Senate debates

Tuesday, 23 June 2009

Questions without Notice: Take Note of Answers

Youth Allowance

3:16 pm

Photo of Fiona NashFiona Nash (NSW, National Party) Share this | Hansard source

I rise to discuss the motion that the Senate take note of answers given by Senator Carr. What an extraordinary situation we saw today, with Senator Adams asking questions about changes to the youth allowance scheme and the effect on regional students, and the government side of this chamber simply not knowing where the question belonged. It was quite extraordinary. We had a very specific question here on regional students’ access to education, and the Leader of the Government in the Senate was jumping up and down saying, ‘We are really sorry; we do not know where this question has to go.’ They do not even know where this particular issue belongs on their side of this place. It is absolutely extraordinary.

Given the nature of this issue and how important it is to regional students and regional families, this just shows the complete disconnect that this Labor government has with regional communities. I am happy to inform the other side of this chamber that indeed Senator Carr was the appropriate minister to respond on behalf of the education minister, and I say that because he was also the appropriate person to deal with this matter in Senate estimates, which I think, Senator Adams, was only a couple of weeks ago. Our view was that Senator Carr was responsible for this particular youth allowance issue two weeks ago, and maybe things had not changed.

This is an incredibly serious issue. I do not think I have ever seen representation as overwhelming as this from a particular group as I am seeing now. In the four years I have been a senator and the about five years I worked on and off in this building before that, I have never seen such concern from rural and regional families over a particular issue. What did Senator Carr call it in Senate estimates? When he was asked about people automatically qualifying under the scheme and what would happen, he referred to it as political hysteria. I do not think that the concerns of rural and regional families out there demonstrate anything approximating political hysteria. These are very genuine concerns about a serious issue. Regardless of the protestations from the other side, this is seriously going to affect those students taking a gap year at the moment. I know those on the other side would say, ‘Well, it is just ill-informed families; once they realise what the changes actually mean they will understand they are just as well covered as they would have been under the previous system.’ That is complete rubbish. The parents of the students who are writing in to us know about the changes. They are very well aware of the changes and what they will mean to them. But they have realised that under this particular criteria they are going to fall outside the net.

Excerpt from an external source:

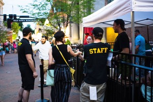 The photograph captures a lively scene in Old Town Winchester during a bustling evening event. Staff members, dressed in black with 'STAFF' emblazoned on their shirts, interact with each other amidst a backdrop of festival-goers and colorful lights, creating an atmosphere of camaraderie and excitement. The warm, golden lighting enhances the inviting mood, making it feel both energetic and welcoming.

These are students who finished school at the end of last year and who in good faith and on good advice chose to take a gap year to qualify for the youth allowance under the $19,500 earning limit criteria. They were told by Centrelink, they were told by teachers and they were told by advisers that they should use this criterion to make sure they qualified to get that assistance they so desperately need. What do we see the Rudd Labor government do? They move the goalposts in the middle of the game. No matter what the Labor contribution has been up to now, they know absolutely full well that the students caught in the net are now in an invidious position—because the goalposts have moved, because that start date is going to be 1 January, they can no longer qualify for youth allowance under this criterion. They simply cannot do it. These are rural and regional families who, as my good colleague from Western Australia, Senator Adams, would know, have been suffering unbelievably from drought and debt for years and years and years and they simply want to make sure that they give their children the best possible start and the best possible access to tertiary education that they can.

What do we see from the Rudd Labor government? An absolute complete disregard for those regional students who, in good faith, embarked upon a course of action to qualify for the youth allowance under this criterion—an absolute disregard. The Labor line is simply, ‘Well, that’s okay; under the other arrangements they will fall under those measures and they will be catered for just the same.’ It is simply rubbish—they will not. Those rates will taper off. The $370 a week that they would have got under the youth allowance program under the previous arrangements simply will not exist for all the students currently on their gap year. The government should take responsibility for this and at the very least, amongst the other changes that need to be made, make sure that those gap year students from regional areas and from the cities wanting to go out to the regions are not caught in the net and that they fix this problem.